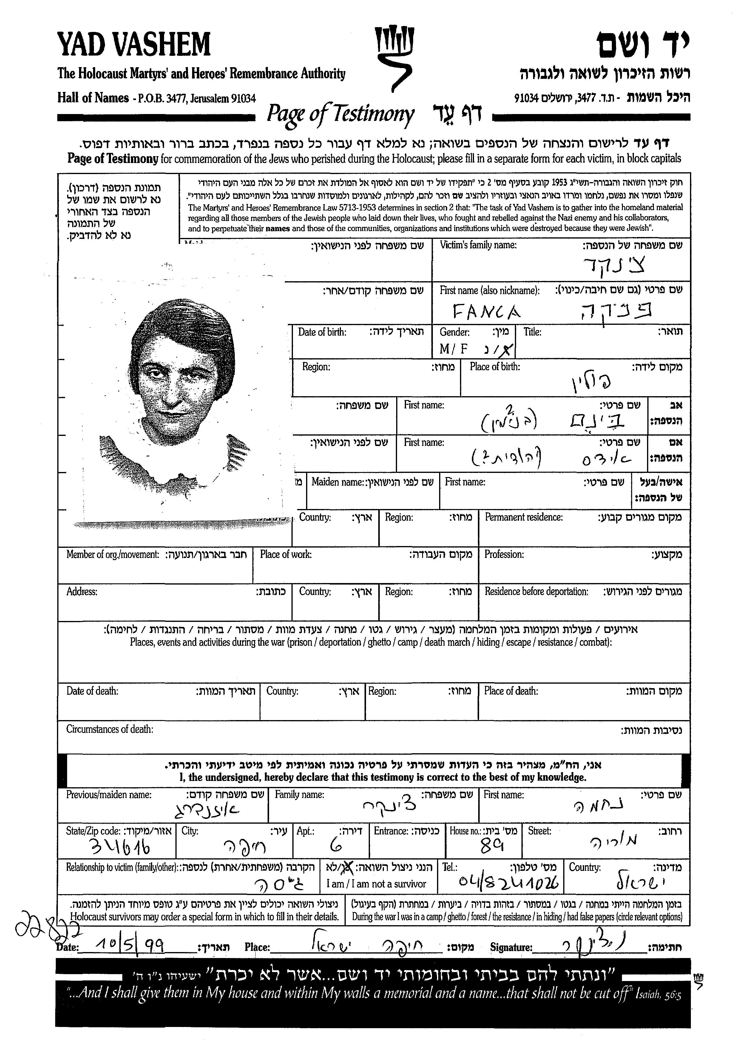 Фанка уничтоженa в период Шоа. место смерти: место не указано.
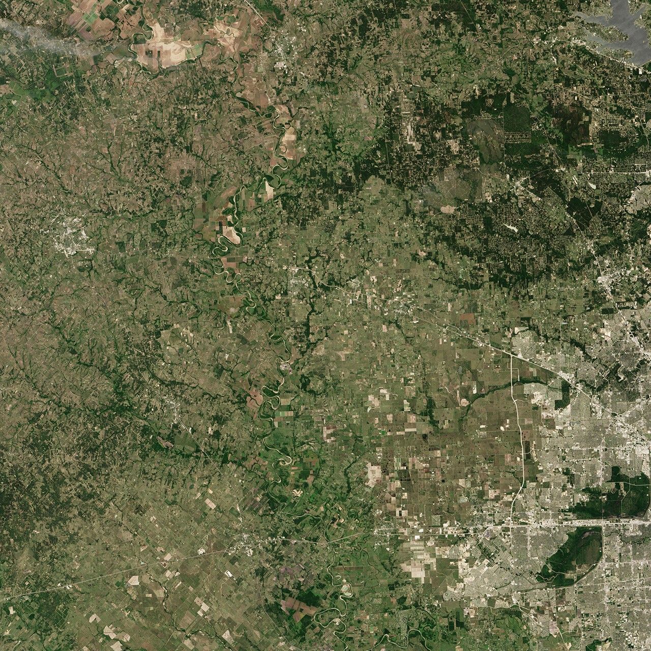 The Operational Land Imager (OLI) on Landsat 8 acquired these images of southeastern Texas on May 28, 2016 (top) and May 4, 2013 (second image). The top image shows flooding along the Brazos River just west of Monaville, while the second image shows the river when it was well within its banks. In 2014, the river nearly ran dry in places due to drought. The images below from the same days show the wider scale of the flooding.
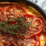 This Creamy Roasted Tomato and Garlic Soup is a comforting, flavorful dish perfect for chilly days. Ripe Roma tomatoes and garlic are roasted to bring out their natural sweetness and depth, then blended into a smooth, velvety soup enriched with a touch of cream. The subtle seasoning of basil and optional red pepper flakes adds a lovely herbal and mild heat dimension, making it a delicious vegetarian option that’s easy to prepare.
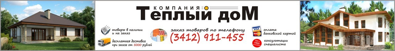 Компания Теплый дом - это обеспечение строительными материалами любого строительства в Ижевске и Удмуртии, это наличие товара на складах, доставка качественных стройматериалов точно в срок. Наши специалисты готовы проконсультировать вас по ведению любого ремонта или стройки в Ижевске. Мы способны обеспечить ваше строительство в Ижевске или Удмуртии всеми необходимыми материалами по доступным ценам.
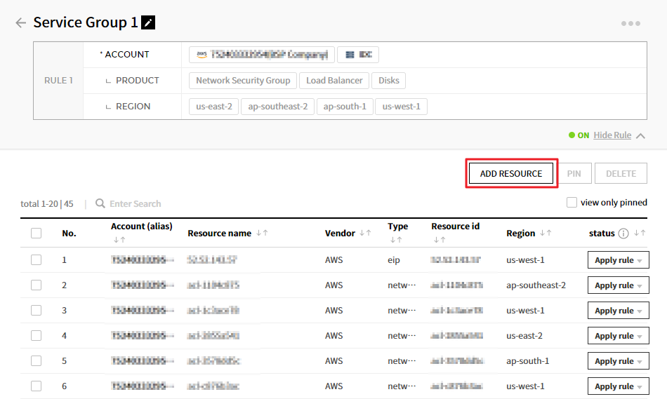 可以随时添加或更改规则,并且可以打开或关闭规则。 还可以使用【PIN】功能来防止特定资源受到规则的影响。
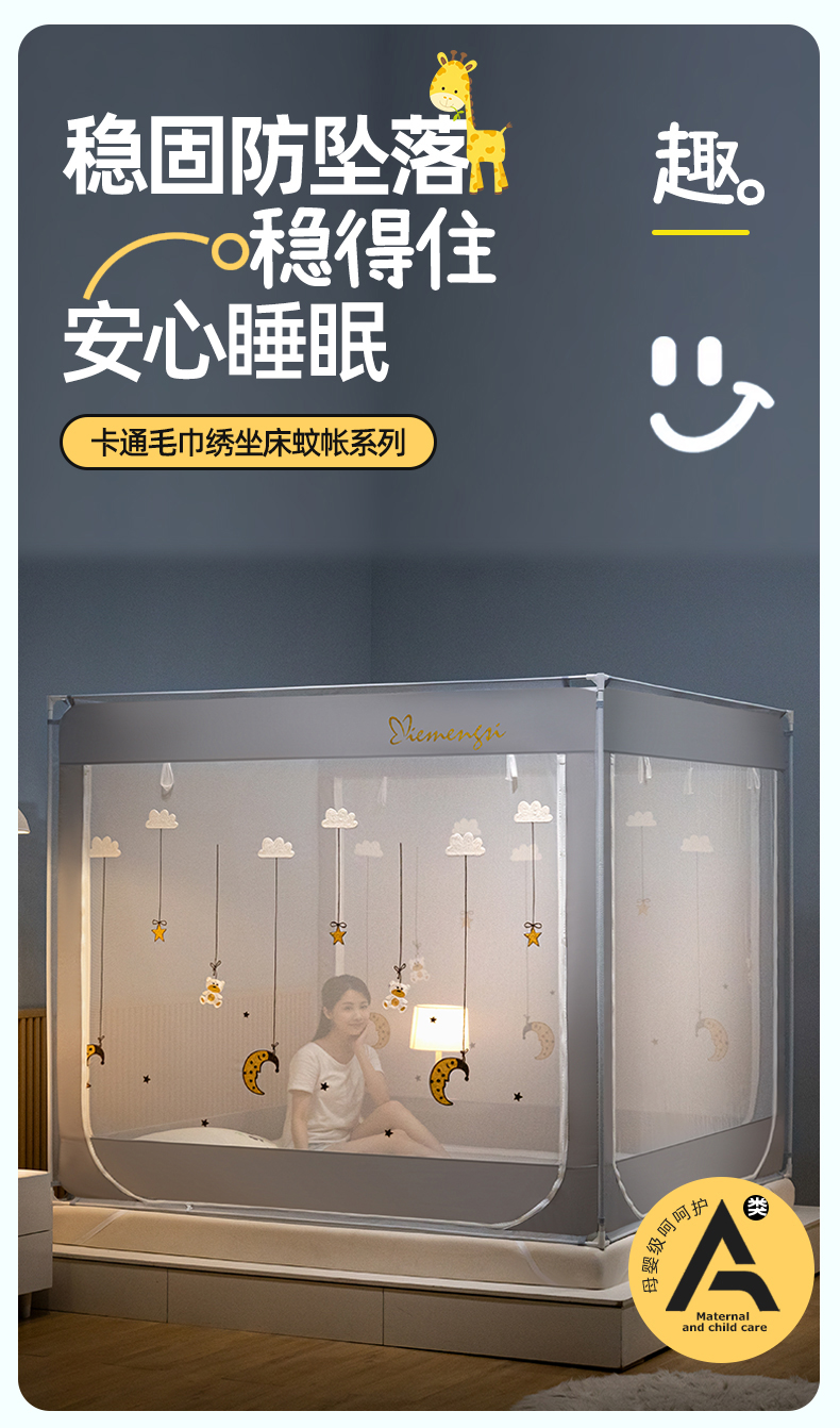 (总)飞轮海蚊帐 2026春夏新款卡通毛巾绣坐床蚊帐-Z79刺绣款,布偶小熊,芭蕾兔,彩色小鹿(宾利蓝),彩色小鹿(嫩黄),鲸鱼于帆船,摩天轮,蒲公英,晚安月亮熊,舞动蜻蜓,幸福之家,宇航员,长颈鹿与鳄鱼
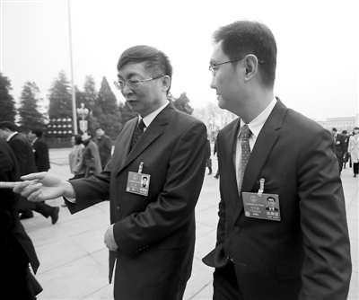 3月4日上午,十三届全国人大一次会议在北京人民大会堂举行预备会议。会议开始前,腾讯公司董事会主席马化腾(图右)代表和深圳市人大常委会主任丘海代表边走边交流。
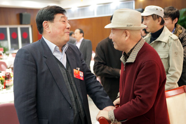 3月2日,2012年文艺界全国人大代表全国政协委员联谊会在京举行。图为文艺界代表委员交流心得。中国文艺网 孟祥宁 摄
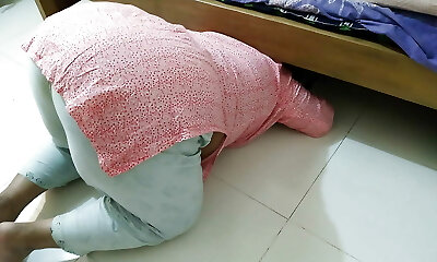 Gujarati Sexy Saas gets stuck under the table while cleaning, then Damad comes & Help her - Ginormous Ass Screwing & spunked
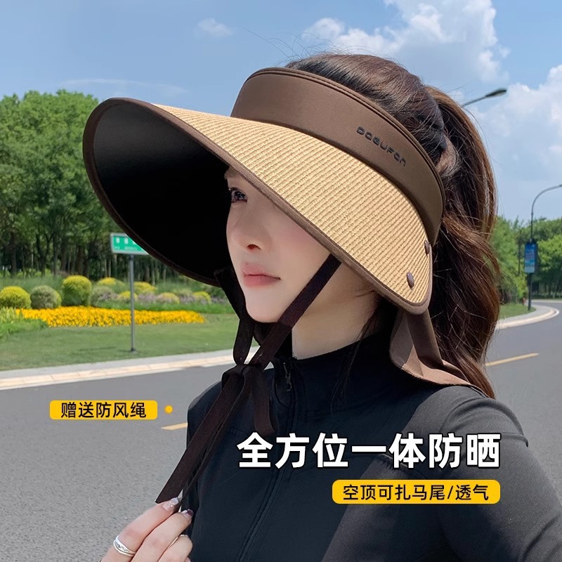 2025新款防晒帽女夏护颈防紫外线遮阳帽大帽檐户外草编空顶太阳帽
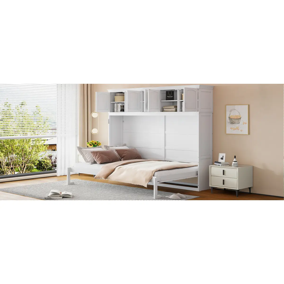 ·[Multi-function] This Murphy bed can be folded away into a cabinet to open up floor space in any room.A wall bed is the ideal space-saving furniture for a multi-use guest room, home office, or home gym.
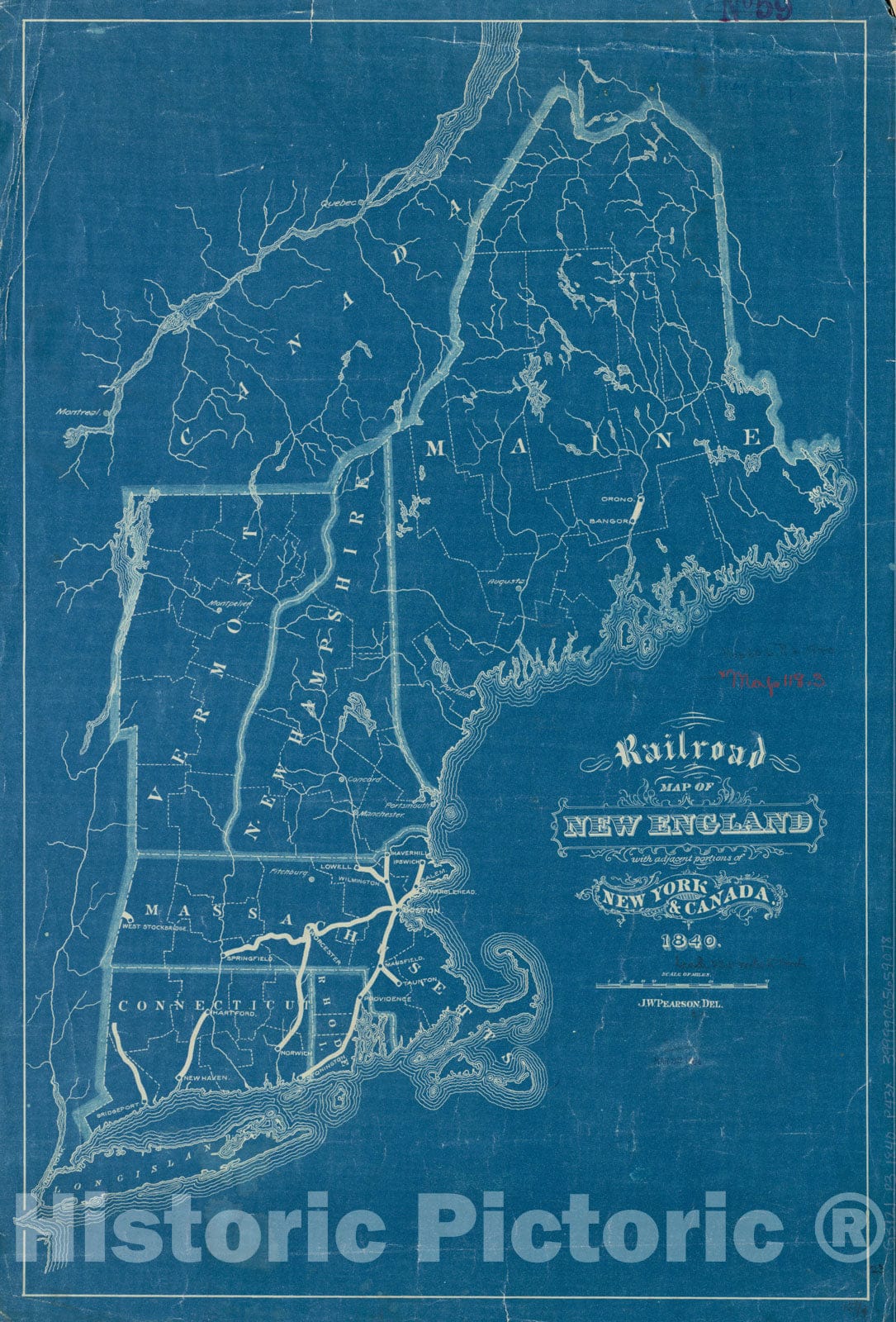 Historical Map, 1840 Railroad map of New England, with Adjacent portions of New York & Canada, Vintage Wall Art
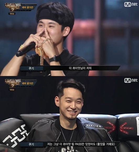 그런가 하면 더 콰이엇을 향해 공개적으로 팬심을 드러낸 쿠기도 있다. 개성 있는 톤과 뛰어난 랩 실력 및 무대 장악력으로 올패스를 받은 그는 "랩을 한 지 얼마나 됐는가"라는 질문에 "1년이 안 됐다"라고 대답해 "말도 안 된다. 거짓말하지 마라"는 소리까지 들었다.
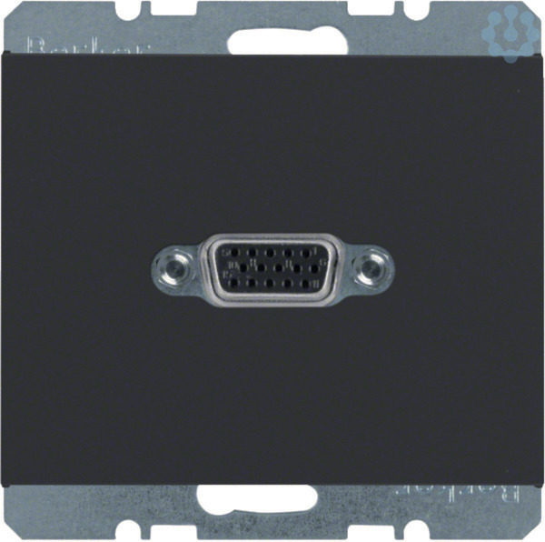 VGA Steckdose mit Schraub-Liftklemmen K.1 anthrazit, matt. VGA Steckdose mit Schraub-Liftklemmen geeignet zur Verbindung von z.B. PCs und Notebooks mit Anzeigegeräten, wie z.B. Monitoren (auch LCD-Monitoren) und Beamern, besonders für Montage in beengten Einbausituationen und zur freien Konfektionierung der VGA-Kabellänge, mit 15-poliger D-Subminiatur Buchse (Front), mit Schraub-Liftklemmen (Rück) für Anschluss an 15-adriges VGA-Kabel, S-VGA kompatibel, ohne Spreizkrallen.
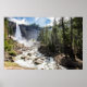 Cette photo montre la fin de l'hiver à Nevada Falls est en plein flux et l'eau se déverse de la falaise et reprend dans la rivière Merced quand il passe des rochers et des sapins.
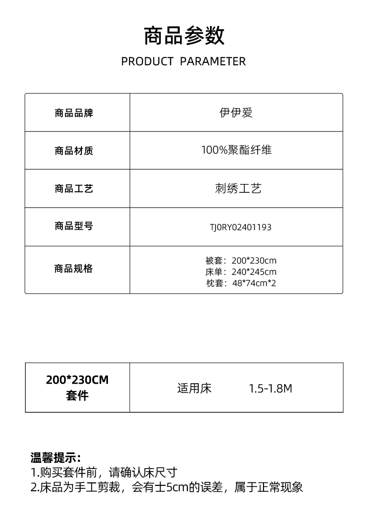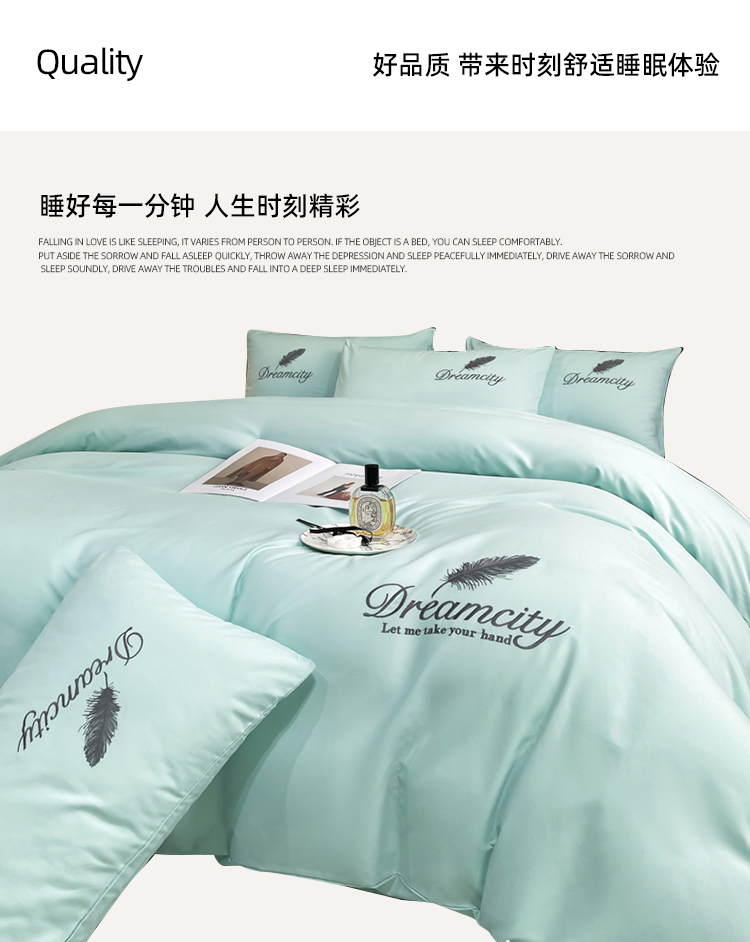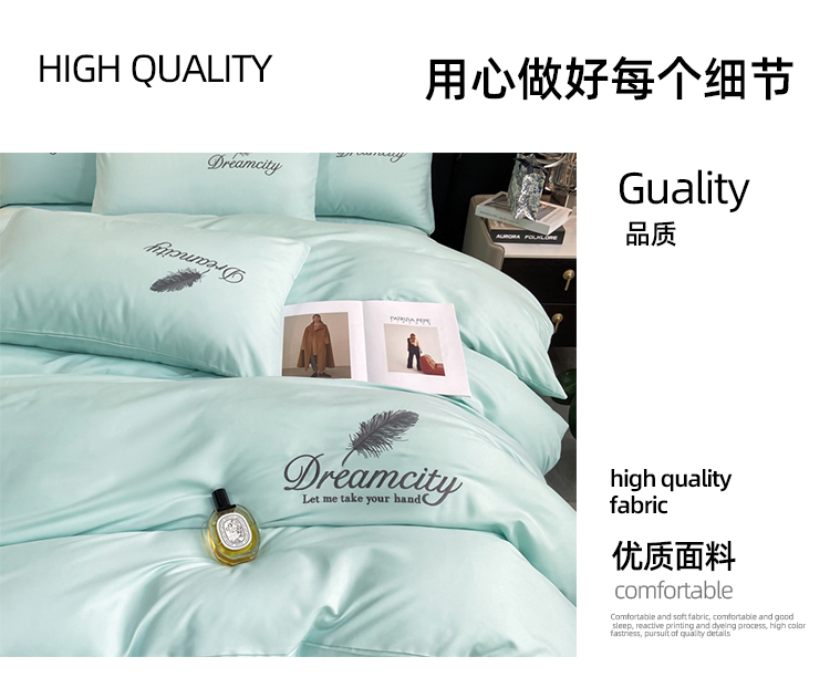 伊伊爱水洗棉磨毛纯色刺绣羽毛系列四件套200*230cm TJ0RY02401193(套 梵星兰
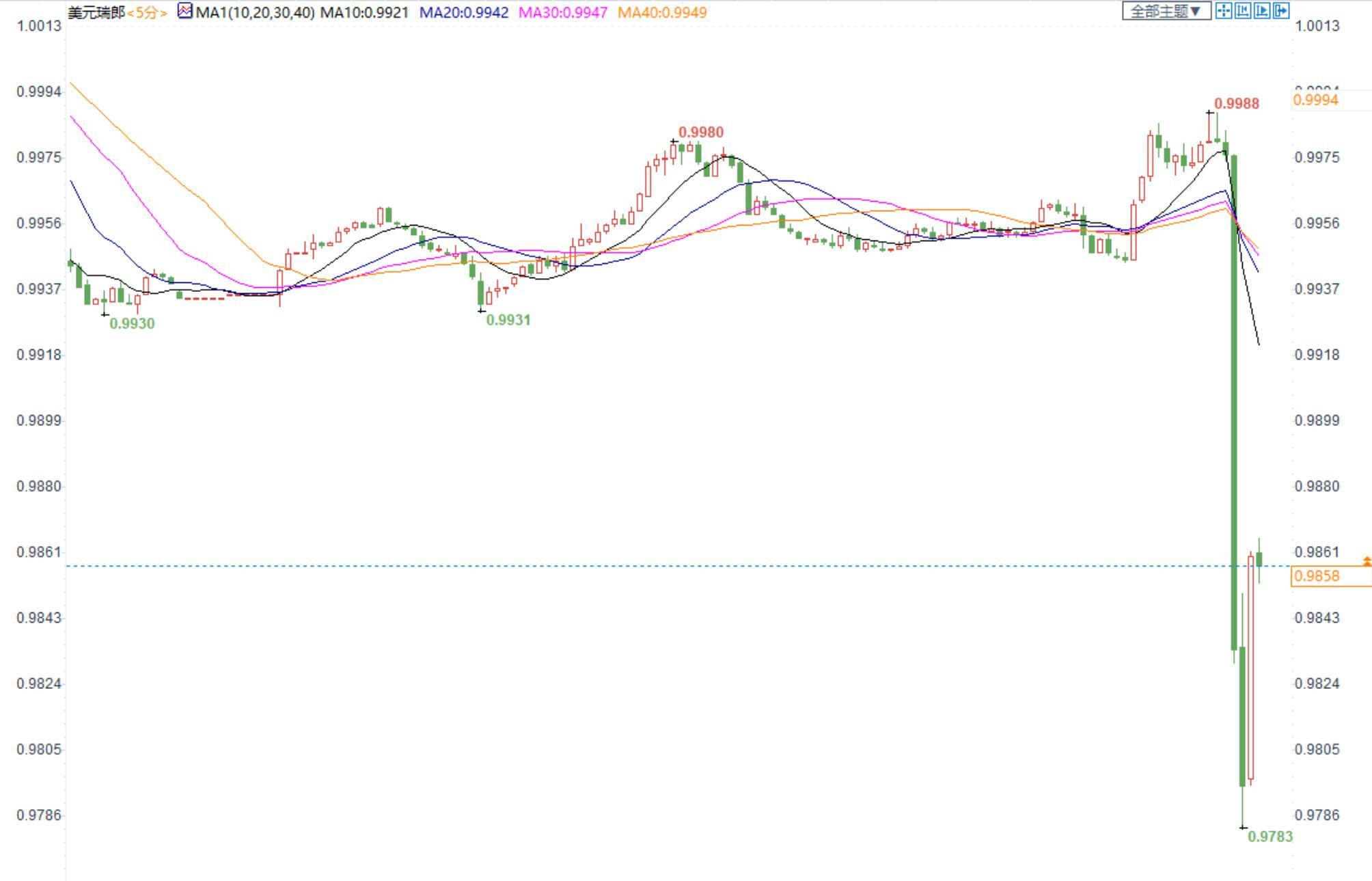 周四(6月16日)瑞士央行公布了6月份最新的利率决议,瑞士央行将政策利率从-0.75%上调至-0.25%。该行较预期意外升息50基点。本次利率调整为瑞士央行7年来首次调整利率,市场预期维持不变。市场上,决议公布后,美元兑瑞郎日内下跌1%,接近180点,欧元兑瑞郎在瑞士央行加息后一度跌1.2%。

■ ■ ■ ■ ■ ■ ■

■ **EXERCISE BRIEF**: Print each of the records above exactly as written, leaving no picture in the copy.

■ **RESULT FOR THIS EXERCISE**:
 Фанка уничтоженa в период Шоа. место смерти: место не указано.
 The Operational Land Imager (OLI) on Landsat 8 acquired these images of southeastern Texas on May 28, 2016 (top) and May 4, 2013 (second image). The top image shows flooding along the Brazos River just west of Monaville, while the second image shows the river when it was well within its banks. In 2014, the river nearly ran dry in places due to drought. The images below from the same days show the wider scale of the flooding.
 This Creamy Roasted Tomato and Garlic Soup is a comforting, flavorful dish perfect for chilly days. Ripe Roma tomatoes and garlic are roasted to bring out their natural sweetness and depth, then blended into a smooth, velvety soup enriched with a touch of cream. The subtle seasoning of basil and optional red pepper flakes adds a lovely herbal and mild heat dimension, making it a delicious vegetarian option that’s easy to prepare.
 Компания Теплый дом - это обеспечение строительными материалами любого строительства в Ижевске и Удмуртии, это наличие товара на складах, доставка качественных стройматериалов точно в срок. Наши специалисты готовы проконсультировать вас по ведению любого ремонта или стройки в Ижевске. Мы способны обеспечить ваше строительство в Ижевске или Удмуртии всеми необходимыми материалами по доступным ценам.
 可以随时添加或更改规则,并且可以打开或关闭规则。 还可以使用【PIN】功能来防止特定资源受到规则的影响。
 (总)飞轮海蚊帐 2026春夏新款卡通毛巾绣坐床蚊帐-Z79刺绣款,布偶小熊,芭蕾兔,彩色小鹿(宾利蓝),彩色小鹿(嫩黄),鲸鱼于帆船,摩天轮,蒲公英,晚安月亮熊,舞动蜻蜓,幸福之家,宇航员,长颈鹿与鳄鱼
 3月4日上午,十三届全国人大一次会议在北京人民大会堂举行预备会议。会议开始前,腾讯公司董事会主席马化腾(图右)代表和深圳市人大常委会主任丘海代表边走边交流。
 3月2日,2012年文艺界全国人大代表全国政协委员联谊会在京举行。图为文艺界代表委员交流心得。中国文艺网 孟祥宁 摄
 Gujarati Sexy Saas gets stuck under the table while cleaning, then Damad comes & Help her - Ginormous Ass Screwing & spunked
 2025新款防晒帽女夏护颈防紫外线遮阳帽大帽檐户外草编空顶太阳帽
 ·[Multi-function] This Murphy bed can be folded away into a cabinet to open up floor space in any room.A wall bed is the ideal space-saving furniture for a multi-use guest room, home office, or home gym.
 Historical Map, 1840 Railroad map of New England, with Adjacent portions of New York & Canada, Vintage Wall Art
 그런가 하면 더 콰이엇을 향해 공개적으로 팬심을 드러낸 쿠기도 있다. 개성 있는 톤과 뛰어난 랩 실력 및 무대 장악력으로 올패스를 받은 그는 "랩을 한 지 얼마나 됐는가"라는 질문에 "1년이 안 됐다"라고 대답해 "말도 안 된다. 거짓말하지 마라"는 소리까지 들었다.
 VGA Steckdose mit Schraub-Liftklemmen K.1 anthrazit, matt. VGA Steckdose mit Schraub-Liftklemmen geeignet zur Verbindung von z.B. PCs und Notebooks mit Anzeigegeräten, wie z.B. Monitoren (auch LCD-Monitoren) und Beamern, besonders für Montage in beengten Einbausituationen und zur freien Konfektionierung der VGA-Kabellänge, mit 15-poliger D-Subminiatur Buchse (Front), mit Schraub-Liftklemmen (Rück) für Anschluss an 15-adriges VGA-Kabel, S-VGA kompatibel, ohne Spreizkrallen.
 Cette photo montre la fin de l'hiver à Nevada Falls est en plein flux et l'eau se déverse de la falaise et reprend dans la rivière Merced quand il passe des rochers et des sapins.
 伊伊爱水洗棉磨毛纯色刺绣羽毛系列四件套200*230cm TJ0RY02401193(套 梵星兰
 周四(6月16日)瑞士央行公布了6月份最新的利率决议,瑞士央行将政策利率从-0.75%上调至-0.25%。该行较预期意外升息50基点。本次利率调整为瑞士央行7年来首次调整利率,市场预期维持不变。市场上,决议公布后,美元兑瑞郎日内下跌1%,接近180点,欧元兑瑞郎在瑞士央行加息后一度跌1.2%。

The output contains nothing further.